** Data follows **

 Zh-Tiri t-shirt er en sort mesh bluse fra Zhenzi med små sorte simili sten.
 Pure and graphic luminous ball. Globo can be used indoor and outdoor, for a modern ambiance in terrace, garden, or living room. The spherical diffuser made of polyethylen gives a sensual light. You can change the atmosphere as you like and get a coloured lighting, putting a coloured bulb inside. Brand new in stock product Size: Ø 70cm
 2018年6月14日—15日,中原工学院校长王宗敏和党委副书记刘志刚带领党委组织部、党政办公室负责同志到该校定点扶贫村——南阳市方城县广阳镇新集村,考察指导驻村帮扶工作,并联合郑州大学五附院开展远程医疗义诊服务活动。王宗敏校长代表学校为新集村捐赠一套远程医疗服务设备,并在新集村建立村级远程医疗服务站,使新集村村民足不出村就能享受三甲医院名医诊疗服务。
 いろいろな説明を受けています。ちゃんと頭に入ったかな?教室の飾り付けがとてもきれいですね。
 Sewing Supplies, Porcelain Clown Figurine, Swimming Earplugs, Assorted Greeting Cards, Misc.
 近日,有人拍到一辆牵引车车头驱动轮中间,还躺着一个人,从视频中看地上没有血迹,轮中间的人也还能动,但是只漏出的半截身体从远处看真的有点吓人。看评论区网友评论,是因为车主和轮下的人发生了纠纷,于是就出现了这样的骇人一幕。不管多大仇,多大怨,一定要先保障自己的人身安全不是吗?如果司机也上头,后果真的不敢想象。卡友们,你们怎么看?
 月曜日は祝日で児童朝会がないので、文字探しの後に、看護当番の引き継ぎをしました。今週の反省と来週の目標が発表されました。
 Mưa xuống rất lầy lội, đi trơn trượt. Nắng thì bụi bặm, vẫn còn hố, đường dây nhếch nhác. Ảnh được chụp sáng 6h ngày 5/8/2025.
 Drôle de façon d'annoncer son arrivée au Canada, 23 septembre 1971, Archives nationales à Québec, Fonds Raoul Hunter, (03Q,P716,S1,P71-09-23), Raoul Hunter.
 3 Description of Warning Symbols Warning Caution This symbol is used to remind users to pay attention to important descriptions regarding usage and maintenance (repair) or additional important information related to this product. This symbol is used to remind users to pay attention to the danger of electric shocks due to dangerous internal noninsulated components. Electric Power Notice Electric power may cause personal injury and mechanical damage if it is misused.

** End of Data **

Task brief:
Starting at the first line of the records, print each line exactly, stopping after the line that contains "Drôle de façon".

Your solution:
 Zh-Tiri t-shirt er en sort mesh bluse fra Zhenzi med små sorte simili sten.
 Pure and graphic luminous ball. Globo can be used indoor and outdoor, for a modern ambiance in terrace, garden, or living room. The spherical diffuser made of polyethylen gives a sensual light. You can change the atmosphere as you like and get a coloured lighting, putting a coloured bulb inside. Brand new in stock product Size: Ø 70cm
 2018年6月14日—15日,中原工学院校长王宗敏和党委副书记刘志刚带领党委组织部、党政办公室负责同志到该校定点扶贫村——南阳市方城县广阳镇新集村,考察指导驻村帮扶工作,并联合郑州大学五附院开展远程医疗义诊服务活动。王宗敏校长代表学校为新集村捐赠一套远程医疗服务设备,并在新集村建立村级远程医疗服务站,使新集村村民足不出村就能享受三甲医院名医诊疗服务。
 いろいろな説明を受けています。ちゃんと頭に入ったかな?教室の飾り付けがとてもきれいですね。
 Sewing Supplies, Porcelain Clown Figurine, Swimming Earplugs, Assorted Greeting Cards, Misc.
 近日,有人拍到一辆牵引车车头驱动轮中间,还躺着一个人,从视频中看地上没有血迹,轮中间的人也还能动,但是只漏出的半截身体从远处看真的有点吓人。看评论区网友评论,是因为车主和轮下的人发生了纠纷,于是就出现了这样的骇人一幕。不管多大仇,多大怨,一定要先保障自己的人身安全不是吗?如果司机也上头,后果真的不敢想象。卡友们,你们怎么看?
 月曜日は祝日で児童朝会がないので、文字探しの後に、看護当番の引き継ぎをしました。今週の反省と来週の目標が発表されました。
 Mưa xuống rất lầy lội, đi trơn trượt. Nắng thì bụi bặm, vẫn còn hố, đường dây nhếch nhác. Ảnh được chụp sáng 6h ngày 5/8/2025.
 Drôle de façon d'annoncer son arrivée au Canada, 23 septembre 1971, Archives nationales à Québec, Fonds Raoul Hunter, (03Q,P716,S1,P71-09-23), Raoul Hunter.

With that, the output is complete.